But those measures also triggered a tit-for-tat, dollar-for-dollar retaliation from countries that export goods to the U.S. A potentially devastating game of “tariff chicken” has begun with each side vowing to protect their interests via successive rounds of tariffs and restrictions. Aside from increasing input costs to electricity companies, which use steel in constructing new assets, it is not clear how all of this could end.
Outside of Washington, D.C., the U.S. power generation market continued to be a two-fuel game: renewable energy and natural gas. According to data tracked by Industrial Info Resources (IIR), renewable energy will account for about 57.4% of all power generation projects scheduled to begin construction between January 2019 and December 2023. That amounts to about 121,532 MW of new generation capacity.
Natural gas, by contrast, is expected to account for approximately 87,647 MW of new generation to be built in the U.S. over the next five years, about 41.4% of all new-build generation.

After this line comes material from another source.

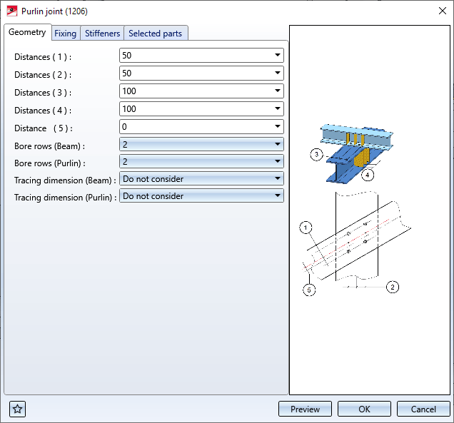 Possible are up to 2 bore rows on girder and purlin. Select the desired number of bore rows from the corresponding list box. The value (1) determines the distance of the bolts to the purlin axis, the value (2) determines the distance of the bolts to the girder axis. If there are more than 1 bore rows you can additionally specify an offset (5) of the bolting relative to the purlin axis. The value (3) and (4) determine the distance between the stiffeners on the girder and the purlin.
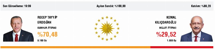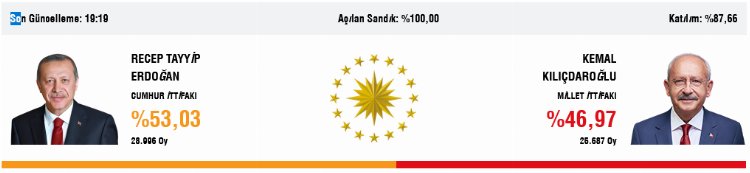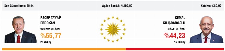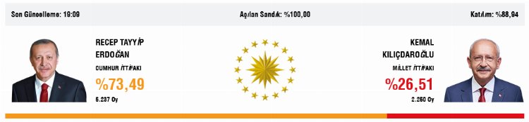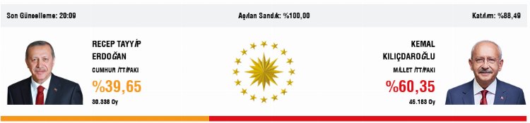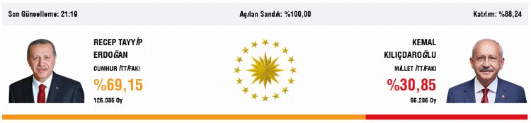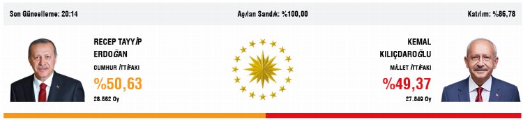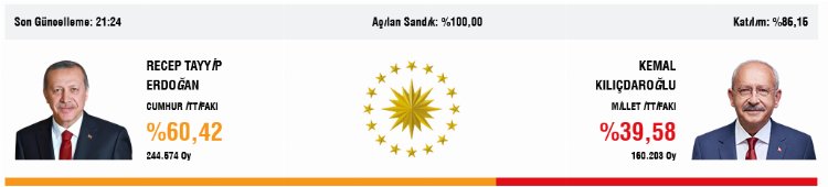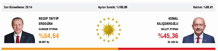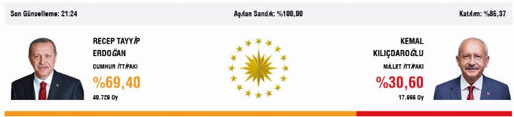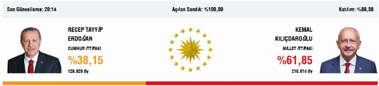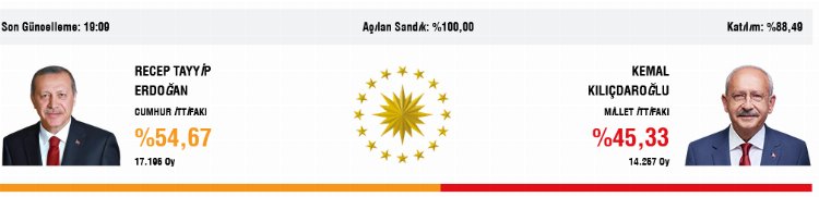 Oyların 2 milyon 46 bin 286'sı geçerli sayıldı. 1 milyon 118 bin 511 oy Recep Tayyip Erdoğan'a, 927 bin 775 oy ise Kemal Kılıçdaroğlu'na çıktı.

Renewables’ share of the new-build market has slipped a bit from its pinnacle of 67% during the 2013–2017 period (Figure 1). Some of that lost market share was captured by natural gas, as the “dash to gas” mantra helped to more than double gas’ share of the new-build market over the last decade. But most of gas’ gains came at the expense of coal-fired and nuclear power, which had brighter five-year outlooks a decade ago.
During the height of the “nuclear renaissance,” nuclear power was scheduled to account for about 13% of all new generation built over the 2011–2015 and 2012–2016 periods, according to IIR. Today, cost overruns and construction delays have soured utilities, investors, regulators and customers on new-build nuclear power.
Only one grassroot nuclear generation project is scheduled to kick off over the next five years: the long-delayed Blue Castle Nuclear Plant in Green River, Utah. New-build nuclear is expected to account for slightly more than 1% of all generation capacity to be built over the 2019–2023 period.
Despite proclamations that the war on coal is over, there is little evidence to date that coal mining or coal-fired power has turned a corner or will do so in the near future. Indeed, the U.S. Energy Information Administration reported that the amount of coal used by power generators in the U.S. fell to three-decade lows, about 661 million short tons in 2017, down about 36% from its 1983 peak.
In the U.S., the percentage of electricity generated from coal is expected to fall to 28% in 2018 and 27% in 2019, down from 30% in 2017. An expected uptick in exports will not be enough to overcome continued reduction in domestic thermal coal use.
Overall coal production will decline about 1% in 2018 and 2% in 2019, the Energy Information Administration (EIA) projected in its August 2018 Short-Term Energy Outlook.
Coal-mining companies employ about 53,000 people, according to an August 2018 estimate from the Federal Reserve Bank of St. Louis (Figure 2). That figure, which represents all job classifications in the industry (not just coal miners), was up slightly from 2016, but down dramatically from previous years. Coal interests have said recent coal initiatives have slowed the bleeding and provided an opportunity to rebuild.
Power generators closed more than 12,000 MW of coal-fired capacity in 2018. Closures are expected to continue over the next five years. Although asset owners closed less coal generation in 2018 than in past years, that shuttered capacity is not being replaced by new coal-fired generation. Typically, some combination of gas-fired generation, renewables, storage and customer-facing energy efficiency programs is being used to replace the lost coal generation.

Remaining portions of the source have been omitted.